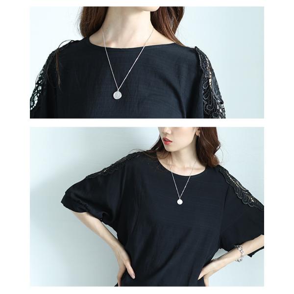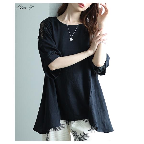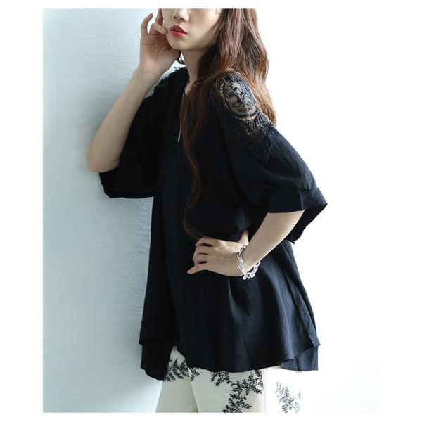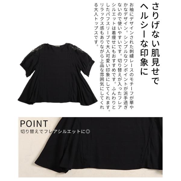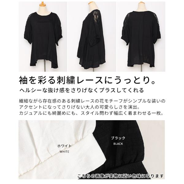 レディース チュニック トップス 黒 ブラック 白 ホワイト 5分袖 刺繍 レース パフスリーブ フレア 大人可愛い 大人 可愛い 30代 40代 50代 60代 サワアラモード
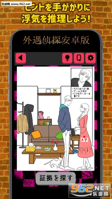 《外遇侦探安卓版》是一款日系侦探恋爱解谜游戏,游戏中玩家扮演一名专门帮人寻找外遇证据的侦探,仔细寻找,不要放过任何一个可疑的线索,气味,语言,动作等等,可能都隐藏着那个人出轨的证据,细心的发现,找出他们的出轨证据吧。
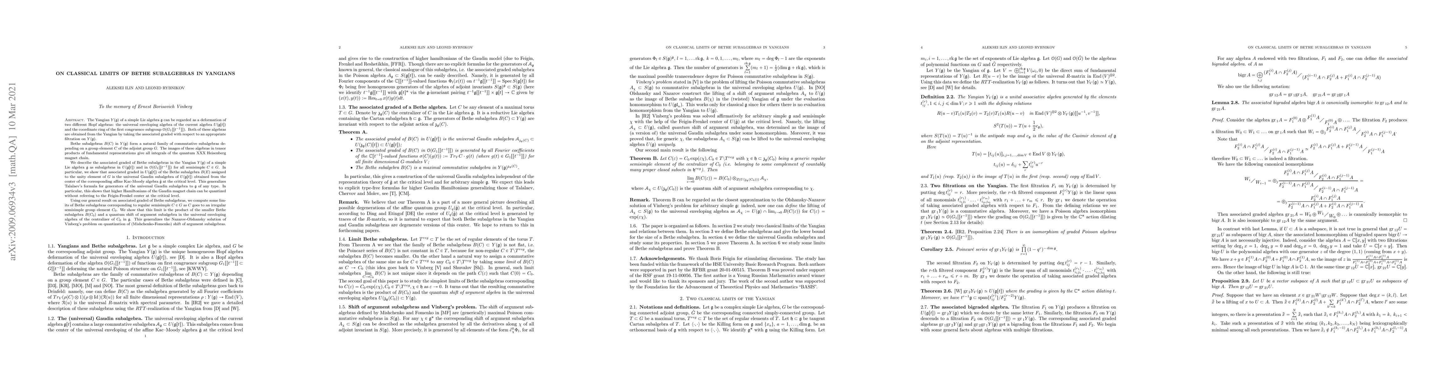The Yangian $Y(\mathfrak{g})$ of a simple Lie algebra $\mathfrak{g}$ can be regarded as a deformation of two different Hopf algebras: the universal enveloping algebra $U(\mathfrak{g}[t])$ and the coordinate ring of the first congruence subgroup $\mathcal{O}(G_1[[t^{-1}]])$. Both of these algebras are obtained from the Yangian by taking the associated graded with respect to an appropriate filtration on Yangian. Bethe subalgebras form a natural family of commutative subalgebras depending on a group element $C$ of the adjoint group $G$. The images of these algebras in tensor products of fundamental representations give all integrals of the quantum XXX Heisenberg magnet chain. We describe the associated graded of Bethe subalgebras as subalgebras in $U(\mathfrak{g}[t])$ and in $\mathcal{O}(G_1[[t^{-1}]])$ for all semisimple $C\in G$. We show that associated graded in $U(\mathfrak{g}[t])$ of the Bethe subalgebra assigned to the identity of $G$ is the universal Gaudin subalgebra of $U(\mathfrak{g}[t])$ obtained from the center of the corresponding affine Kac-Moody algebra at the critical level. This generalizes Talalaev's formula for generators of the universal Gaudin subalgebra to $\mathfrak{g}$ of any type. In particular, this shows that higher Hamiltonians of the Gaudin magnet chain can be quantized without referring to the Feigin-Frenkel center at the critical level. Using our general result on associated graded of Bethe subalgebras, we compute some limits of Bethe subalgebras corresponding to regular semisimple $C\in G$ as $C$ goes to an irregular semisimple group element $C_0$. We show that this limit is the product of the smaller Bethe subalgebra and a quantum shift of argument subalgebra in the universal enveloping algebra of the centralizer of $C_0$ in $\mathfrak{g}$. This generalizes the Nazarov-Olshansky solution of Vinberg's problem on quantization of shift of argument subalgebras.
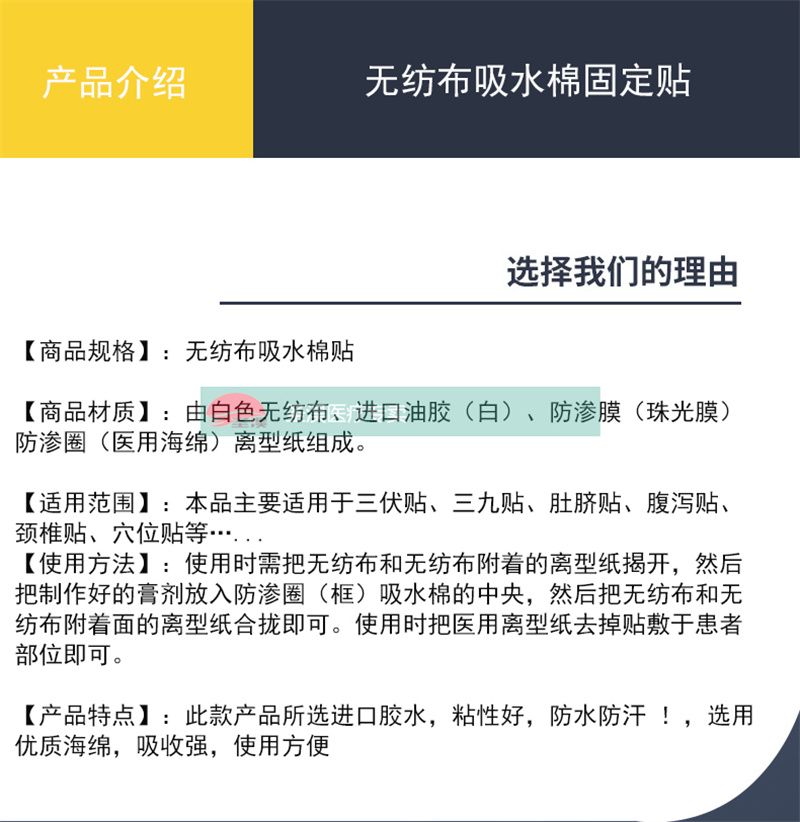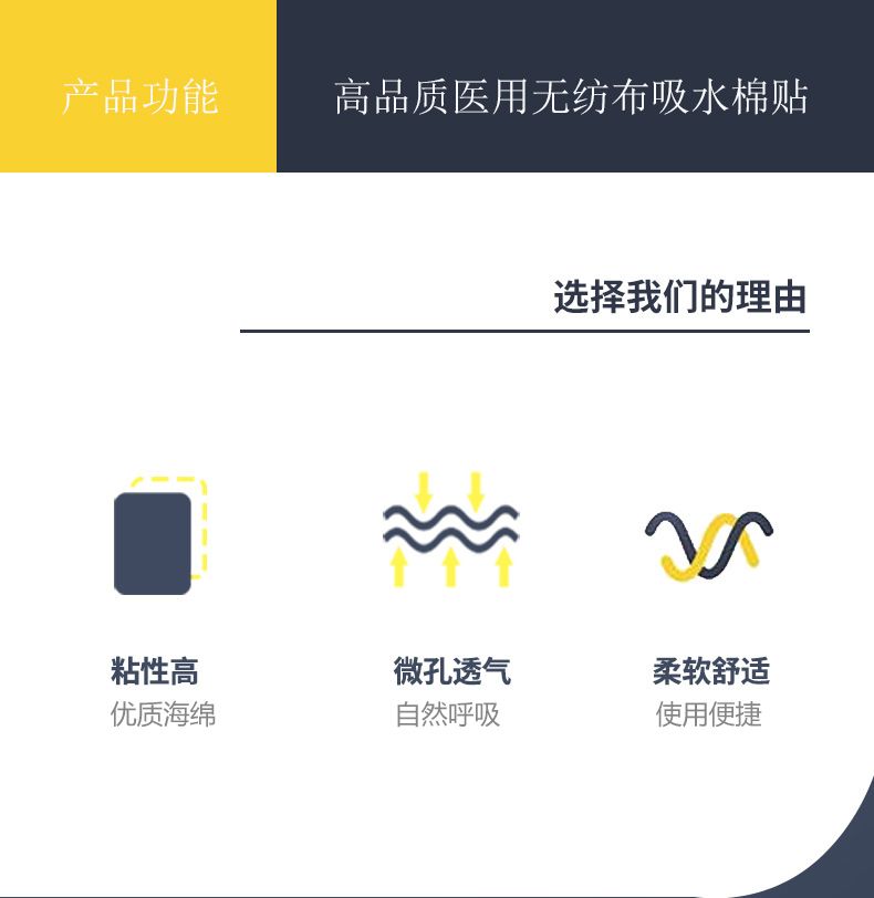 | 產(chǎn)品賣點(diǎn) | 透氣膠貼,醫(yī)用級(jí)別涂膠層,加入吸水棉,可將液體型藥劑放置于吸水棉上,助力藥劑穩(wěn)定、持續(xù)的發(fā)揮藥力。 |
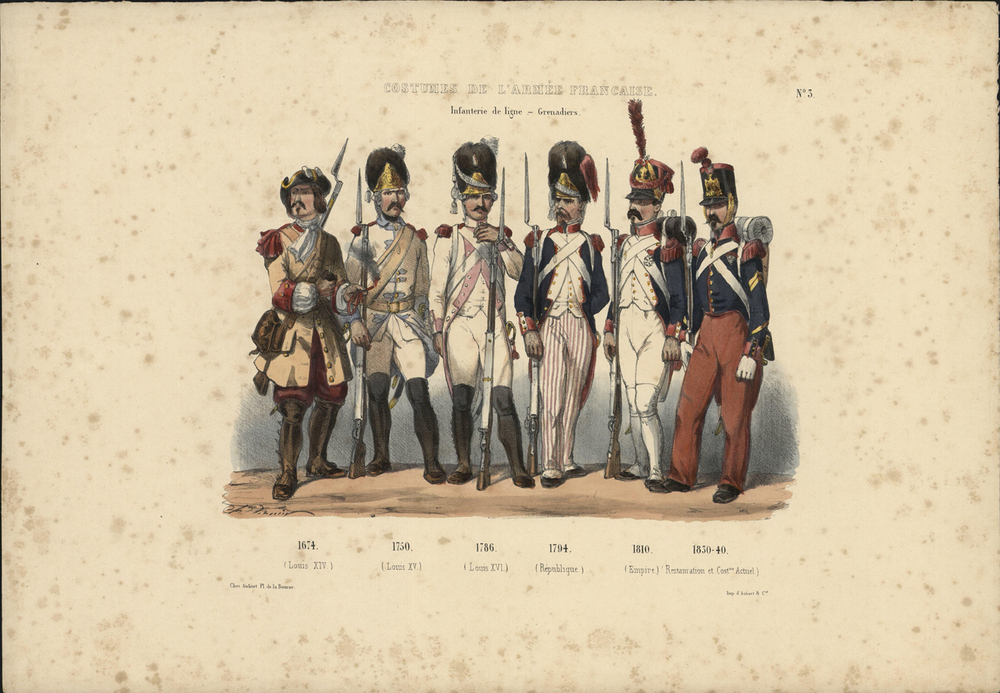 Uit: "Costumes de l'armée française depuis Louis XIV jusqu'à ce jour" / Paris, Aubert
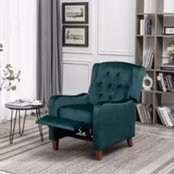 FURNITURE ONE Velvet Wingback Recliner Armchair with Adjustable Backrest & Footrest in Green | Size: 1 Pack
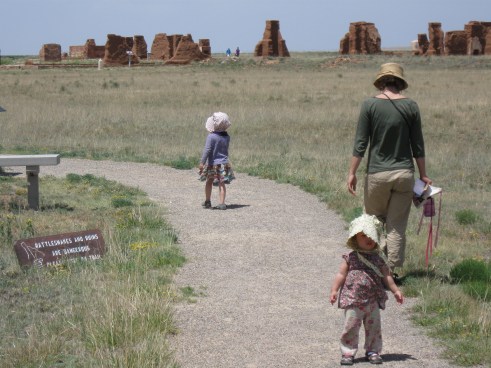I did make bonnets earlier this summer, but they have been usurped for the time being by the pair we bought at the state park with those ruins in the top picture.
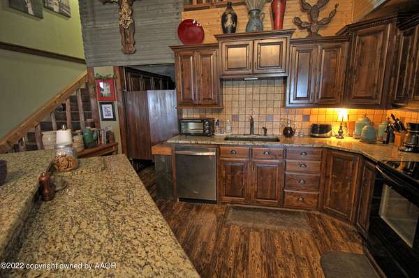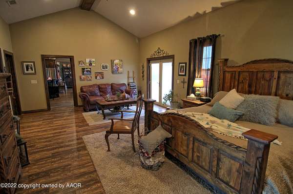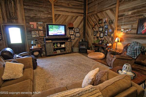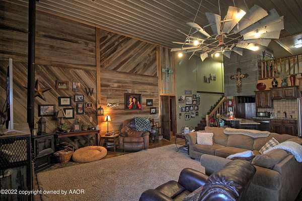 Welcome to this beautifully designed 3-bedroom, 4-bathroom barndominium, nestled on 10 fully fenced acres with pipe fencing,offering the ideal blend of rustic charm, modern convenience, and country freedom. Inside, the home showcases unique wall features that bring warmth and character throughout. The spacious open-concept living room and kitchen is perfect for entertaining and everyday living, complete with granite countertops, stainless steel appliances, and ample cabinetry. The main-level primary suite is a cozy retreat, featuring a stone fireplace, large walk-in closet, and a spa-inspired bathroom with dual vanities, a walk-in shower, soaking tub, and generous cabinet and counter space. Upstairs, the second bedroom is located in the loft area and includes its own 3/4 bathroom. This room also overlooks the main living space, giving it an open, airy feel while maintaining privacy. A dedicated utility room provides additional convenience, offering extensive built-in cabinetry for laundry and storage needs.The home is equipped with a brand-new heating and air system, ensuring energy-efficient, and year-round comfort. Adjacent to the main home, the garage/barn area includes a private mother-in-law suite complete with a bedroom and 1/2 bath, ideal for guests, extended family, or a private workspace. Also on the property is a separate building featuring a tack room or additional storage area, perfect for equipment, tools, or animal care needs. With its functional layout, thoughtful upgrades, and beautiful rustic details, this property offers the perfect setup for country living with modern style and versatility.
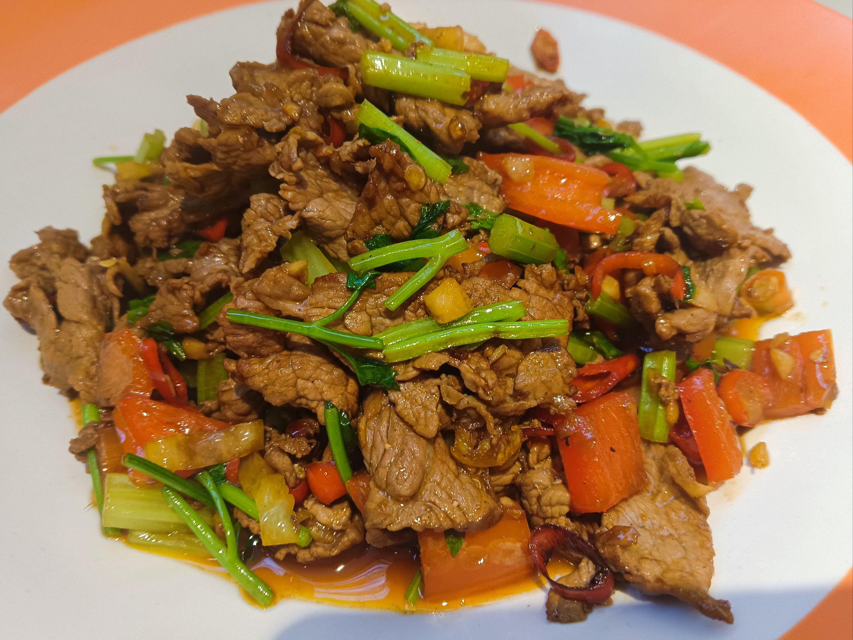 主要材料:羊上腦肉、青椒、洋蔥、蔥、鹽、料酒、生抽。
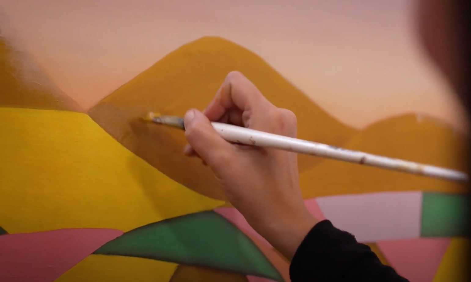 Leaβs studio is a minimal, calming space with a few vintage pieces (she is a particular fan of the 70s). She spends most of her time in her studio and itβs become her home. Itβs the perfect backdrop to her bold and vibrant paintings using color blocking to depict a diverse range of females.
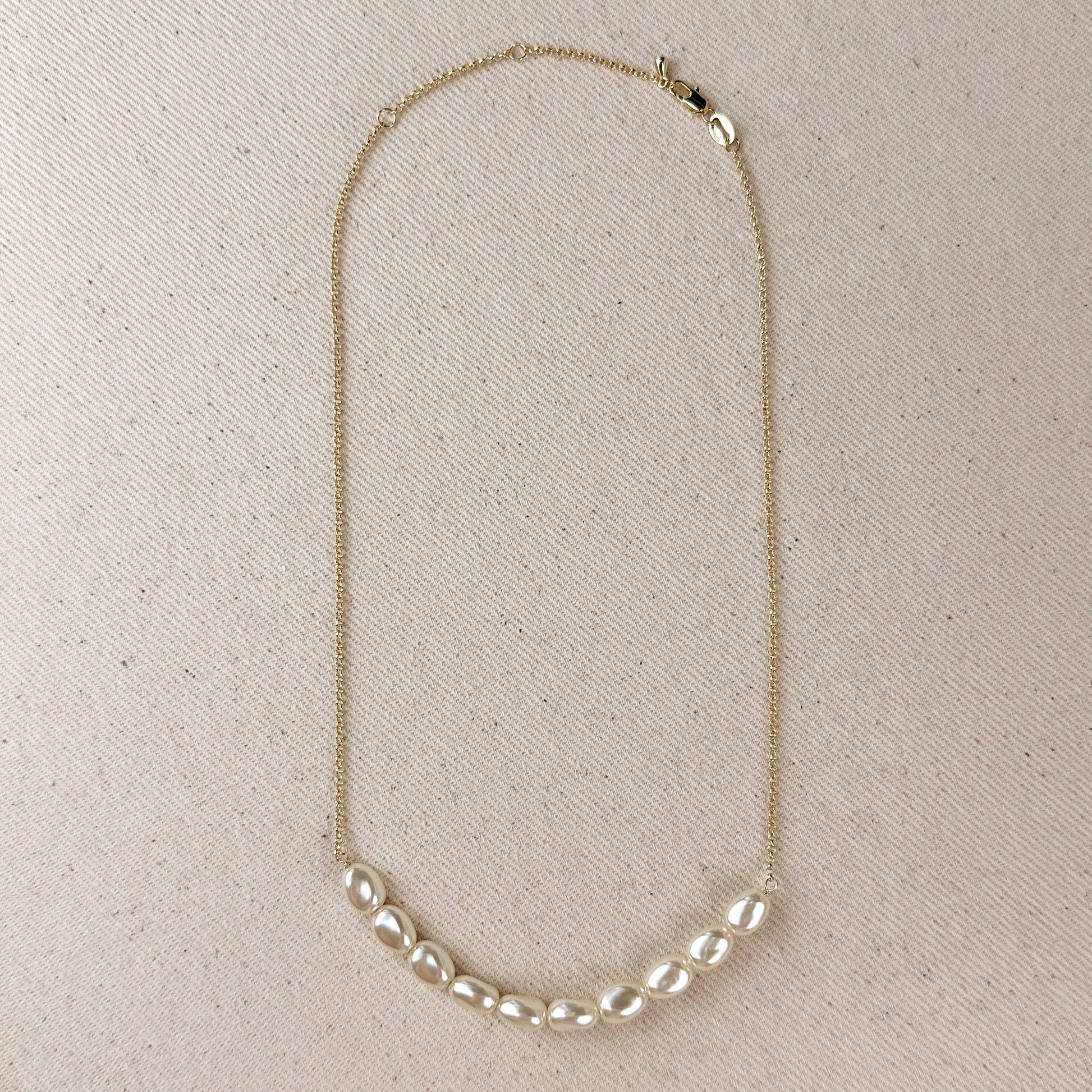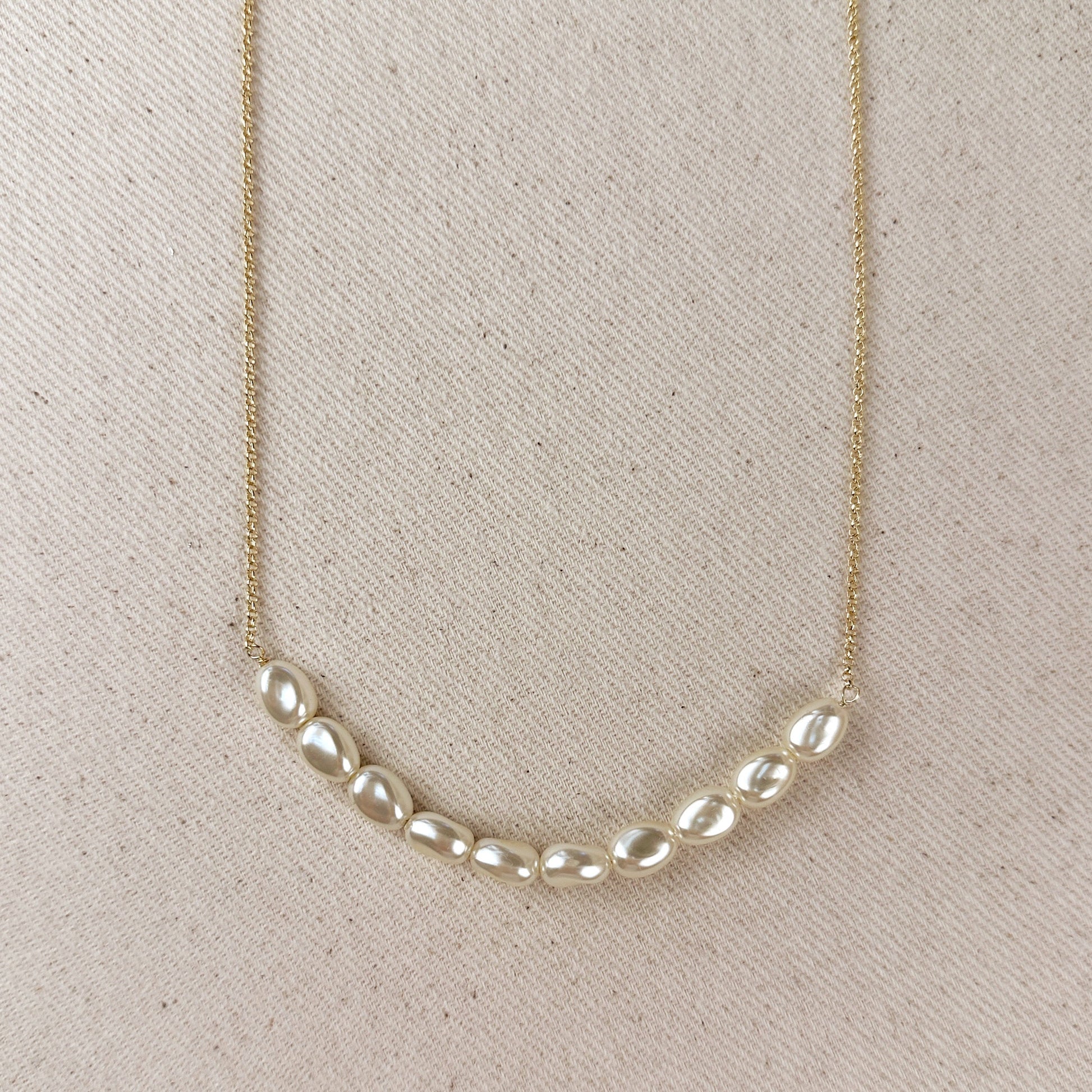 Indulge in timeless elegance with our 18k Gold Filled Row of Baroque Pearls Necklace. The trendy design adds a touch of sophistication to any outfit, making you stand out in style. Experience the luxurious beauty of baroque pearls wrapped in a gorgeous gold finish. Elevate your look today!

Your assignment: Going through the records above line by line, transcribe each one exactly and skip any pictures.

Answer space:
 レディース チュニック トップス 黒 ブラック 白 ホワイト 5分袖 刺繍 レース パフスリーブ フレア 大人可愛い 大人 可愛い 30代 40代 50代 60代 サワアラモード
 《外遇侦探安卓版》是一款日系侦探恋爱解谜游戏,游戏中玩家扮演一名专门帮人寻找外遇证据的侦探,仔细寻找,不要放过任何一个可疑的线索,气味,语言,动作等等,可能都隐藏着那个人出轨的证据,细心的发现,找出他们的出轨证据吧。
The Yangian $Y(\mathfrak{g})$ of a simple Lie algebra $\mathfrak{g}$ can be regarded as a deformation of two different Hopf algebras: the universal enveloping algebra $U(\mathfrak{g}[t])$ and the coordinate ring of the first congruence subgroup $\mathcal{O}(G_1[[t^{-1}]])$. Both of these algebras are obtained from the Yangian by taking the associated graded with respect to an appropriate filtration on Yangian. Bethe subalgebras form a natural family of commutative subalgebras depending on a group element $C$ of the adjoint group $G$. The images of these algebras in tensor products of fundamental representations give all integrals of the quantum XXX Heisenberg magnet chain. We describe the associated graded of Bethe subalgebras as subalgebras in $U(\mathfrak{g}[t])$ and in $\mathcal{O}(G_1[[t^{-1}]])$ for all semisimple $C\in G$. We show that associated graded in $U(\mathfrak{g}[t])$ of the Bethe subalgebra assigned to the identity of $G$ is the universal Gaudin subalgebra of $U(\mathfrak{g}[t])$ obtained from the center of the corresponding affine Kac-Moody algebra at the critical level. This generalizes Talalaev's formula for generators of the universal Gaudin subalgebra to $\mathfrak{g}$ of any type. In particular, this shows that higher Hamiltonians of the Gaudin magnet chain can be quantized without referring to the Feigin-Frenkel center at the critical level. Using our general result on associated graded of Bethe subalgebras, we compute some limits of Bethe subalgebras corresponding to regular semisimple $C\in G$ as $C$ goes to an irregular semisimple group element $C_0$. We show that this limit is the product of the smaller Bethe subalgebra and a quantum shift of argument subalgebra in the universal enveloping algebra of the centralizer of $C_0$ in $\mathfrak{g}$. This generalizes the Nazarov-Olshansky solution of Vinberg's problem on quantization of shift of argument subalgebras.
 | 產(chǎn)品賣點(diǎn) | 透氣膠貼,醫(yī)用級(jí)別涂膠層,加入吸水棉,可將液體型藥劑放置于吸水棉上,助力藥劑穩(wěn)定、持續(xù)的發(fā)揮藥力。 |
 Uit: "Costumes de l'armée française depuis Louis XIV jusqu'à ce jour" / Paris, Aubert
 FURNITURE ONE Velvet Wingback Recliner Armchair with Adjustable Backrest & Footrest in Green | Size: 1 Pack
I did make bonnets earlier this summer, but they have been usurped for the time being by the pair we bought at the state park with those ruins in the top picture.
 Welcome to this beautifully designed 3-bedroom, 4-bathroom barndominium, nestled on 10 fully fenced acres with pipe fencing,offering the ideal blend of rustic charm, modern convenience, and country freedom. Inside, the home showcases unique wall features that bring warmth and character throughout. The spacious open-concept living room and kitchen is perfect for entertaining and everyday living, complete with granite countertops, stainless steel appliances, and ample cabinetry. The main-level primary suite is a cozy retreat, featuring a stone fireplace, large walk-in closet, and a spa-inspired bathroom with dual vanities, a walk-in shower, soaking tub, and generous cabinet and counter space. Upstairs, the second bedroom is located in the loft area and includes its own 3/4 bathroom. This room also overlooks the main living space, giving it an open, airy feel while maintaining privacy. A dedicated utility room provides additional convenience, offering extensive built-in cabinetry for laundry and storage needs.The home is equipped with a brand-new heating and air system, ensuring energy-efficient, and year-round comfort. Adjacent to the main home, the garage/barn area includes a private mother-in-law suite complete with a bedroom and 1/2 bath, ideal for guests, extended family, or a private workspace. Also on the property is a separate building featuring a tack room or additional storage area, perfect for equipment, tools, or animal care needs. With its functional layout, thoughtful upgrades, and beautiful rustic details, this property offers the perfect setup for country living with modern style and versatility.
 主要材料:羊上腦肉、青椒、洋蔥、蔥、鹽、料酒、生抽。
 Leaβs studio is a minimal, calming space with a few vintage pieces (she is a particular fan of the 70s). She spends most of her time in her studio and itβs become her home. Itβs the perfect backdrop to her bold and vibrant paintings using color blocking to depict a diverse range of females.
 Indulge in timeless elegance with our 18k Gold Filled Row of Baroque Pearls Necklace. The trendy design adds a touch of sophistication to any outfit, making you stand out in style. Experience the luxurious beauty of baroque pearls wrapped in a gorgeous gold finish. Elevate your look today!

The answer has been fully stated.